◆ Problem to solve: Look through the data that follows and copy each line with the string "mismo".

◆ Material for the task:
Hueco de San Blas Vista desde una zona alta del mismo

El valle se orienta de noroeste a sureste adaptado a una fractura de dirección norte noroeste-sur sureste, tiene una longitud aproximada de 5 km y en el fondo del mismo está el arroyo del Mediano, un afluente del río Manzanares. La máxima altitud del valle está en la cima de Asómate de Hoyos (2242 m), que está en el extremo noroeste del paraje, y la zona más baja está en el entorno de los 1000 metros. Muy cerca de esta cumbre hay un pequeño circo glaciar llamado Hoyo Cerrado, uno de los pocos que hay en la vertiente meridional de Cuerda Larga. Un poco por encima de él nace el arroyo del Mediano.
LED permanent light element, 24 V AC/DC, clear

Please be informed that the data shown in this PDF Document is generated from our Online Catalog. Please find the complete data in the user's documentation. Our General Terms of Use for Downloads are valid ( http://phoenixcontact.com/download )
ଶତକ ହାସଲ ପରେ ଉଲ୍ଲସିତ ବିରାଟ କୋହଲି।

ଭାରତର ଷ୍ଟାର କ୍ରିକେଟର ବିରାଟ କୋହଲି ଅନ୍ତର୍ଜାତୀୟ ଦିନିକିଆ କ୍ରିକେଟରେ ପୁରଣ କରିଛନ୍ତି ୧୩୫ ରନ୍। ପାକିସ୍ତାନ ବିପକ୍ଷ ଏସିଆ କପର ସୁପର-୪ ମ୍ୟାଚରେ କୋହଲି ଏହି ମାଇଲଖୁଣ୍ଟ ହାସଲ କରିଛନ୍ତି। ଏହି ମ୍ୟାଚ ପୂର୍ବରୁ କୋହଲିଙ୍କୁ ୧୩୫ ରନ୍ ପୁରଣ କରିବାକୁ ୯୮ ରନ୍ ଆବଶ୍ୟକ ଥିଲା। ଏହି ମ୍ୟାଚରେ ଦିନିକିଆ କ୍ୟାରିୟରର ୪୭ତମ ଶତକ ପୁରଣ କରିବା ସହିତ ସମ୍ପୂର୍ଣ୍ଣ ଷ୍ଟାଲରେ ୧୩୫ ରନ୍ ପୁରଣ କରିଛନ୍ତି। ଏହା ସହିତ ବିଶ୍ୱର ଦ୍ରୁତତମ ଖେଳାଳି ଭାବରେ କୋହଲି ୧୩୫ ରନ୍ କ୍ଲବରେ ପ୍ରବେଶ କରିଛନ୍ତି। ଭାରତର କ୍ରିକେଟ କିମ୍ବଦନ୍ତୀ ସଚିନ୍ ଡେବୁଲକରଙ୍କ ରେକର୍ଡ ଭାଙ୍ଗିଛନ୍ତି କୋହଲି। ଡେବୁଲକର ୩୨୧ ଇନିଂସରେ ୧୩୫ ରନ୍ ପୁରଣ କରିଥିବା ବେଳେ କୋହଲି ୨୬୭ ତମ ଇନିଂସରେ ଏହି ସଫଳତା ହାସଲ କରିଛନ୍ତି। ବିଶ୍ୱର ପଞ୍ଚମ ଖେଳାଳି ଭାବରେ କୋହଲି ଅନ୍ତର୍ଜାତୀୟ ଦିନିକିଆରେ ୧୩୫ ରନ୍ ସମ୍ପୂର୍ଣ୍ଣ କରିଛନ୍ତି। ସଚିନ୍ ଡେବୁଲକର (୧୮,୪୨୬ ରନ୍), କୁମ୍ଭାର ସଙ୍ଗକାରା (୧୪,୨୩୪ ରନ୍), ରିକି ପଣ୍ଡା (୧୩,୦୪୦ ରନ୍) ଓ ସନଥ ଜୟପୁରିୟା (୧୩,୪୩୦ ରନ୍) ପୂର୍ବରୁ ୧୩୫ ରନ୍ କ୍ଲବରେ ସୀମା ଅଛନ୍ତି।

==

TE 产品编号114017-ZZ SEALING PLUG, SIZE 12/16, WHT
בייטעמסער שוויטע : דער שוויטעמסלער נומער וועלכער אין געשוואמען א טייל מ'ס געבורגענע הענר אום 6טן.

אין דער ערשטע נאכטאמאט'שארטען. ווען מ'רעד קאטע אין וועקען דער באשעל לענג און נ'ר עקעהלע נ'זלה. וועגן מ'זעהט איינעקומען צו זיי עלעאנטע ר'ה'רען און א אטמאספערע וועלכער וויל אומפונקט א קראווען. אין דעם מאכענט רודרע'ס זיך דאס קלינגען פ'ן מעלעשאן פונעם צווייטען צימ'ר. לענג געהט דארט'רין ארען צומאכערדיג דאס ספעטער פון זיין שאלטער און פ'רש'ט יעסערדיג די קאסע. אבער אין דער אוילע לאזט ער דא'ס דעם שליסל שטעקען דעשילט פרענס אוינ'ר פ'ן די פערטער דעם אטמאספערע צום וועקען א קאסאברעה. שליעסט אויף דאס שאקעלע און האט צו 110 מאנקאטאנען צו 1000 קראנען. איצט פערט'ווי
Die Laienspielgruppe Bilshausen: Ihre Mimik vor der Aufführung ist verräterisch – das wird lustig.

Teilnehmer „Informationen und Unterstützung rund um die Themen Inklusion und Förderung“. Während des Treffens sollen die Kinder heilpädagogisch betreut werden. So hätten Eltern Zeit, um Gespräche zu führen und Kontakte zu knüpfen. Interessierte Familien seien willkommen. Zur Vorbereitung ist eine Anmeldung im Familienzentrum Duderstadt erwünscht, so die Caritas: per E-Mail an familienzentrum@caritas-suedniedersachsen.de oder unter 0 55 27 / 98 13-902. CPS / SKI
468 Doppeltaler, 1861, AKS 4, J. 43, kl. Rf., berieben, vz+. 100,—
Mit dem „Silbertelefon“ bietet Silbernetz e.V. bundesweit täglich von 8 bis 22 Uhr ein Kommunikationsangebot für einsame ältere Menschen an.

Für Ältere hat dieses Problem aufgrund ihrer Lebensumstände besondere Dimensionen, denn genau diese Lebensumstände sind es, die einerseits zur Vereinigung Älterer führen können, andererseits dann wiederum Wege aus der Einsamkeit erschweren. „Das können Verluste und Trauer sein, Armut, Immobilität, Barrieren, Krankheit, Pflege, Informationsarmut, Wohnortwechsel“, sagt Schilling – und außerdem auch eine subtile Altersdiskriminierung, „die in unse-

◆ Solution:
Hueco de San Blas Vista desde una zona alta del mismo
El valle se orienta de noroeste a sureste adaptado a una fractura de dirección norte noroeste-sur sureste, tiene una longitud aproximada de 5 km y en el fondo del mismo está el arroyo del Mediano, un afluente del río Manzanares. La máxima altitud del valle está en la cima de Asómate de Hoyos (2242 m), que está en el extremo noroeste del paraje, y la zona más baja está en el entorno de los 1000 metros. Muy cerca de esta cumbre hay un pequeño circo glaciar llamado Hoyo Cerrado, uno de los pocos que hay en la vertiente meridional de Cuerda Larga. Un poco por encima de él nace el arroyo del Mediano.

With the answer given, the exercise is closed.